Reputation: 131
I have the following XML-response(s) via SRU in dublin core (of which there are several, this is one example):
<dc:title>Die EU im Einsatz gegen den Klimawandel : der EU-Emissionshandel - ein offenes System, das weltweit Innovationen fördert / [Europäische Kommission]</dc:title>
<dc:creator>Europäische Kommission</dc:creator>
<dc:publisher>[Luxemburg] : [Amt für Amtliche Veröff. der Europ. Gemeinschaften]</dc:publisher>
<dc:date>2005</dc:date>
<dc:language>ger</dc:language>
<dc:identifier xmlns:tel="http://krait.kb.nl/coop/tel/handbook/telterms.html" xsi:type="tel:ISBN">92-894-9187-6 geh.</dc:identifier>
<dc:identifier xsi:type="dnb:IDN">992017882</dc:identifier>
<dc:subject>360 Soziale Probleme, Sozialdienste, Versicherungen</dc:subject>
<dc:subject>330 Wirtschaft</dc:subject>
<dc:format>20 S.</dc:format>
</dc></recorddata><recordposition>3</recordposition></record>
I am trying to address the element <dc:identifier xsi:type="dnb:IDN">992017882</dc:identifier>, but I seem to be unable to properly do this. Since I have several of these records and some have 2, some 1, some 3 or more dc:identifier versions, I am working with a function to get the content of the xml-tags I require and am parsing it to a dataframe afterwards. This works well for elements such as dc:title, but the moment I need to also address the attributes, I am at a loss. I have tried various things, but seem to have an issue with the fact that I need to adress two namespaces (?).

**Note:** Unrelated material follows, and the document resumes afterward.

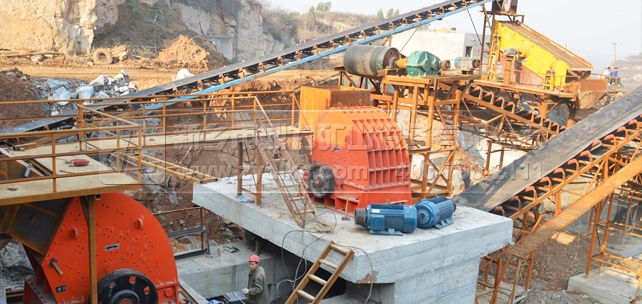 新鄉鼎力礦山設備有限公司根據市場需求,結合家政策,所研發生產的砂石設備技術走在科技前沿,其生產的破碎篩分設備在內市場有很高的占有率,生產的石灰石生產線是自動化程度高,生產效率高,運行成本低,產量大,收益好,成品石子粒度均勻、粒形好,符合家用料要求。整條生產線除了對設備的開機停機及日常維護之外,幾乎不需要人工操作的。中譽鼎力的石灰石生產線由鄂式破碎機(粗破)、反擊式破碎機(細破)、石灰石破碎機、振動給料機、振動篩、洗砂機、皮帶輸送機、集中電控等設備組成,為滿足客戶不同需求,可配套圓錐破碎機、除塵設備等。其中,石灰石使用單段錘式破碎機破碎,有著顯著的效果:

The current function looks like this:
def parse_record(record):
ns = {"dc": "http://purl.org/dc/elements/1.1/"}
xml = ET.fromstring(unicodedata.normalize("NFC", str(record)))
#idn
idn = xml.xpath(".//dc:identifier[@xsi:type='dnb:IDN']", namespaces=ns)
try:
idn = idn.text
except:
idn = 'fail'
# titel
titel = xml.xpath('.//dc:title', namespaces=ns)
try:
titel = titel[0].text
#titel = unicodedata.normalize("NFC", titel)
except:
titel = "unkown"
meta_dict = {"idn":idn, "titel":titel}
return meta_dict
I can run the function without any problems, but when I try to parse the response into a dataframe with the following code:
output = [parse_record(record) for record in records]
df = pd.DataFrame(output)
df
I get the error message: "XPathEvalError: Undefined namespace prefix"
Can anyone help?
Upvotes: 0
Views: 90
Reputation: 4462
As pointed out in comments dictionary containing namespace declarations should include definition for xsi
prefix as well:
ns = {
"dc": "http://purl.org/dc/elements/1.1/",
# should be changed depending on the namespace
"xsi": "http://www.w3.org/2001/XMLSchema-instance"
}
Upvotes: 1